DIRECTIONS FOR THIS TASK: The listing below should be printed again word for word, without any images.

____ SUPPLIED DATA

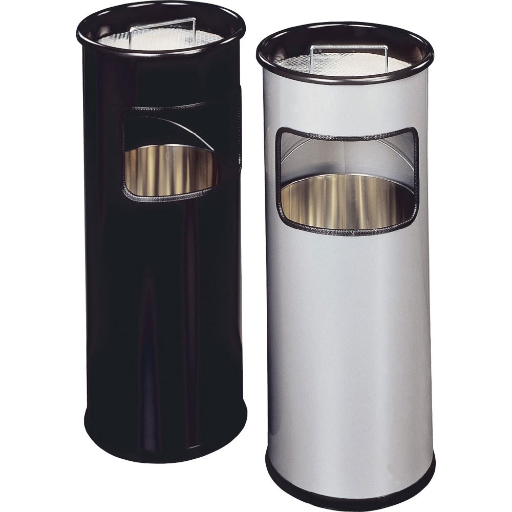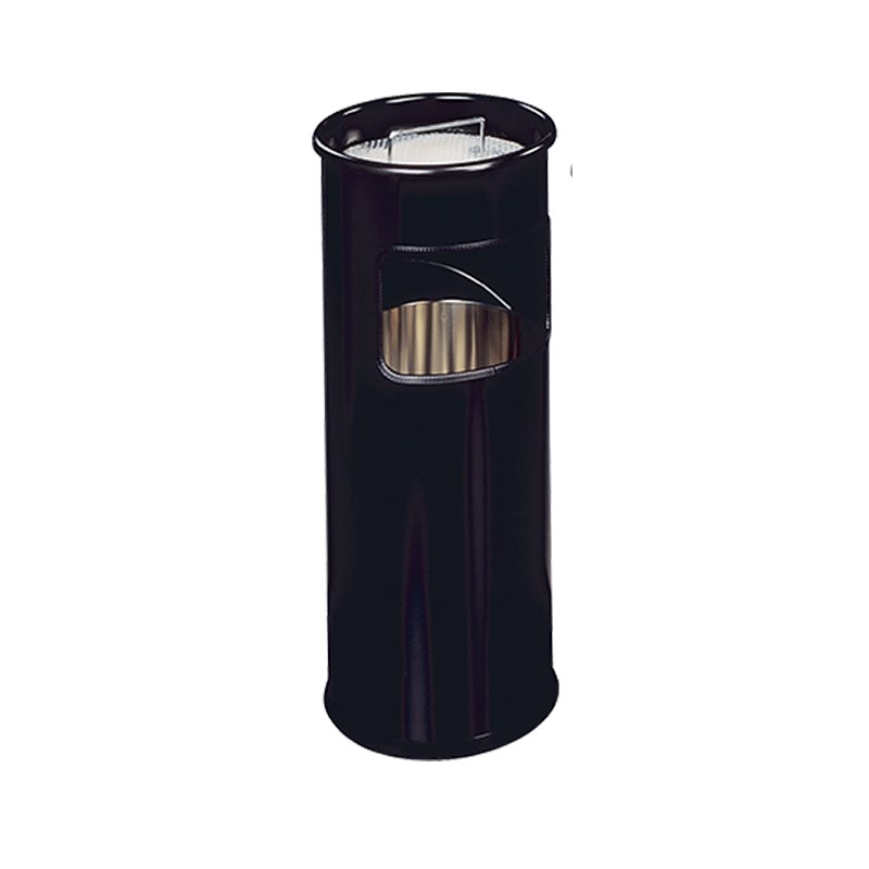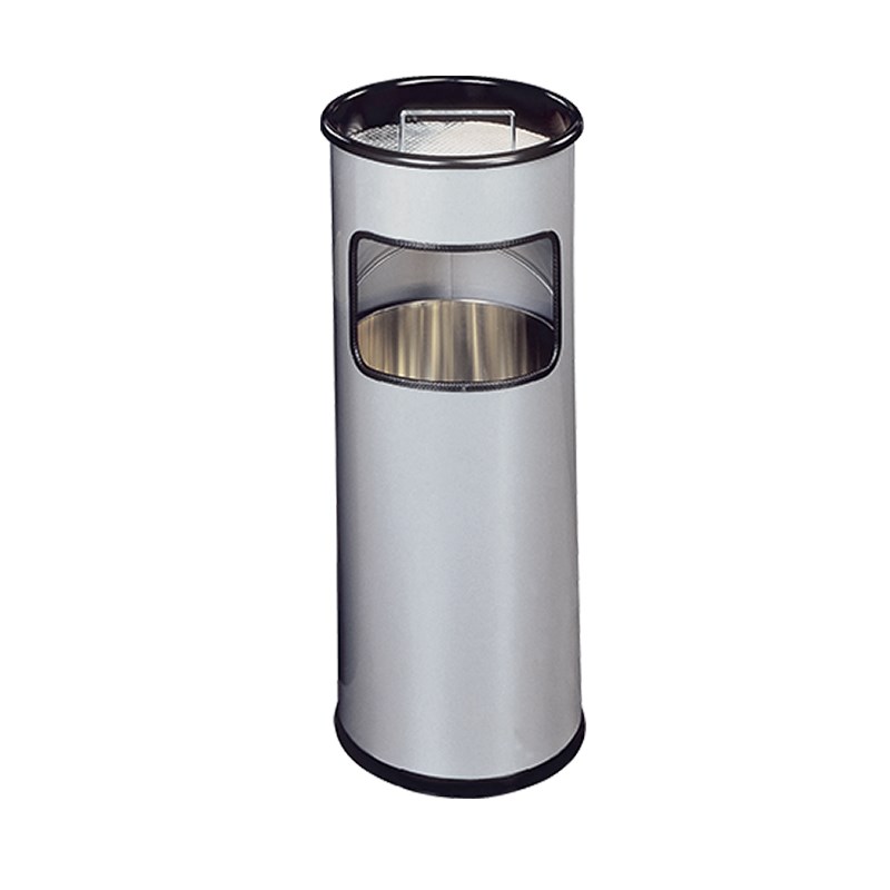 Metalni koš za smeće od 17 litara s integriranom pepeljarom od 2 litre. Okrugla košara za otpatke s uklonjivim pocinčanim umetkom za jednostavno pražnjenje i čišćenje. Pepeljara od aluminija sa žičanim umetkom, kompletna s pijeskom od 1,5 kg.
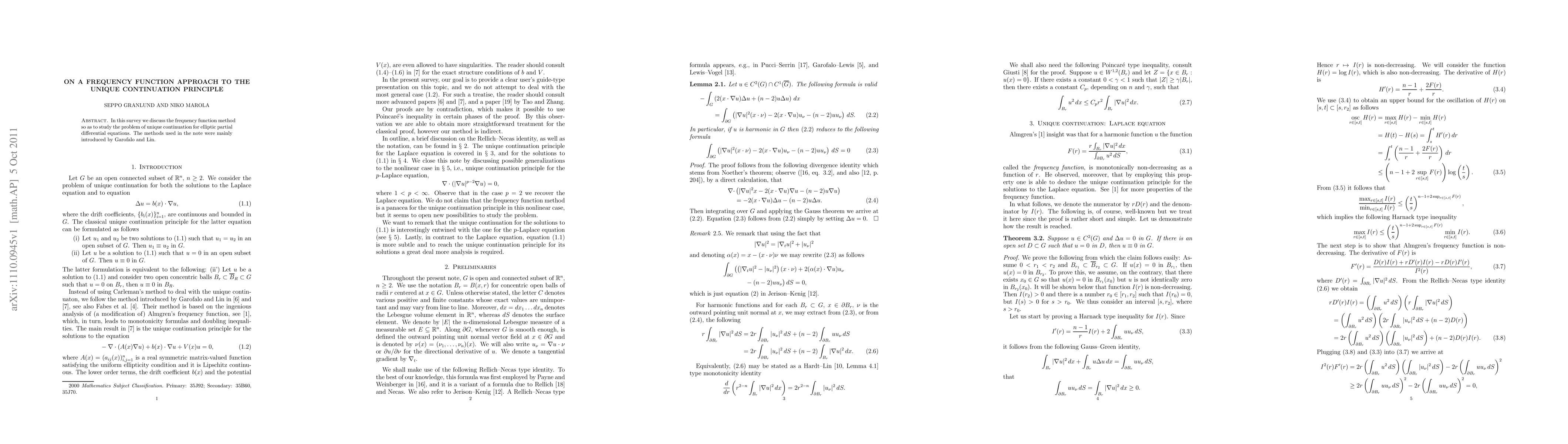 In this survey we discuss the frequency function method so as to study the problem of unique continuation for elliptic partial differential equations. The methods used in the note were mainly introduced by Garofalo and Lin.
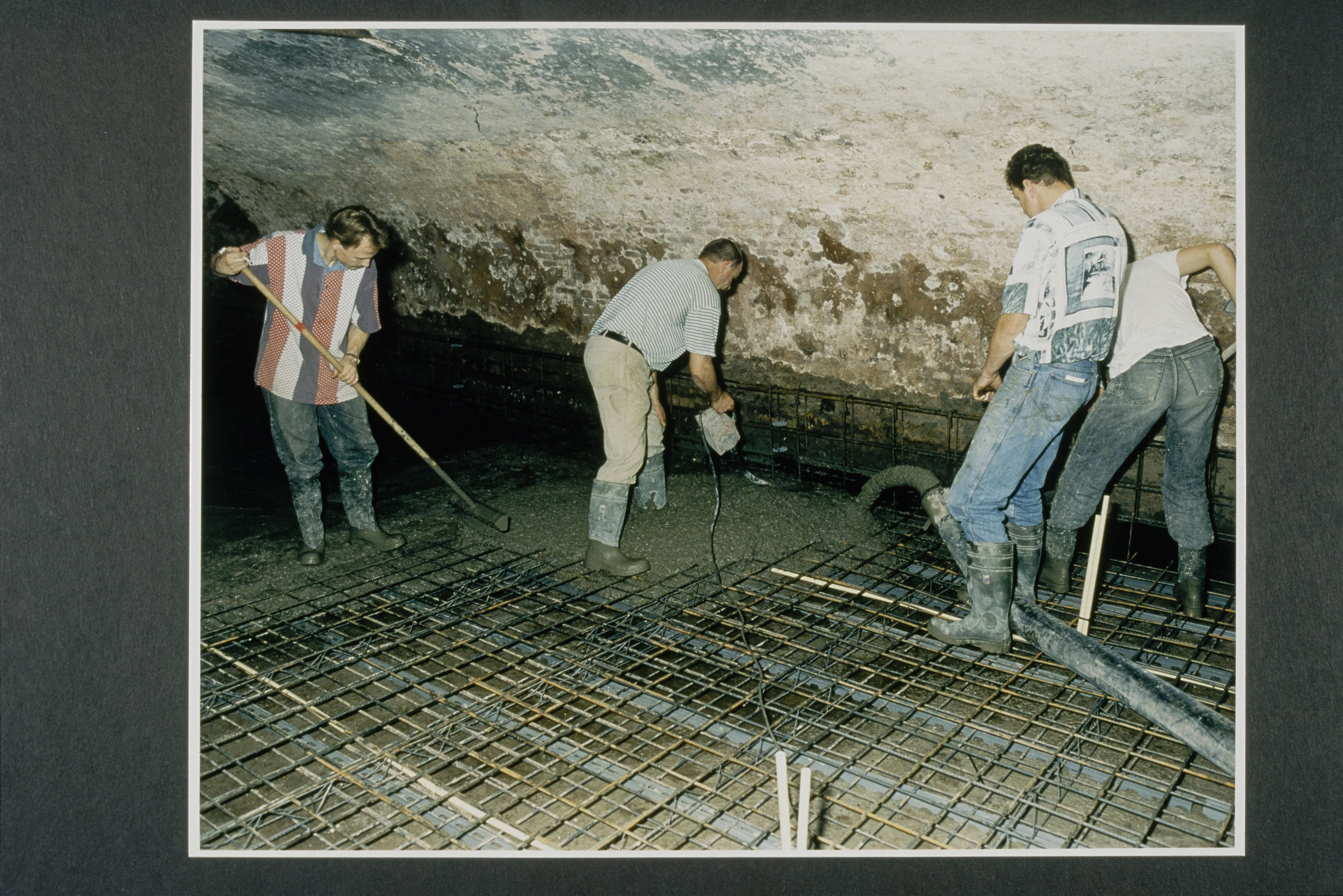 Restauratie en uitbreiding van de Berckepoort aan de Nieuwstraat. in 1997, hier is men bezig met vlechtmatten en elektraleiding voor er beton wordt gestort.
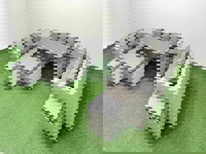 Create a refined outdoor setting for relaxed entertaining with this spacious patio furniture set. Designed for gardens, patios or pool areas, the modular layout lets you arrange the pieces to suit your space and the occasion. Finished in light grey mixed rattan with dark grey fabric, it brings a coordinated look to outdoor dining and lounging.

________

SOLUTION FOR THIS EXERCISE:
 Metalni koš za smeće od 17 litara s integriranom pepeljarom od 2 litre. Okrugla košara za otpatke s uklonjivim pocinčanim umetkom za jednostavno pražnjenje i čišćenje. Pepeljara od aluminija sa žičanim umetkom, kompletna s pijeskom od 1,5 kg.
 In this survey we discuss the frequency function method so as to study the problem of unique continuation for elliptic partial differential equations. The methods used in the note were mainly introduced by Garofalo and Lin.
 Restauratie en uitbreiding van de Berckepoort aan de Nieuwstraat. in 1997, hier is men bezig met vlechtmatten en elektraleiding voor er beton wordt gestort.
 Create a refined outdoor setting for relaxed entertaining with this spacious patio furniture set. Designed for gardens, patios or pool areas, the modular layout lets you arrange the pieces to suit your space and the occasion. Finished in light grey mixed rattan with dark grey fabric, it brings a coordinated look to outdoor dining and lounging.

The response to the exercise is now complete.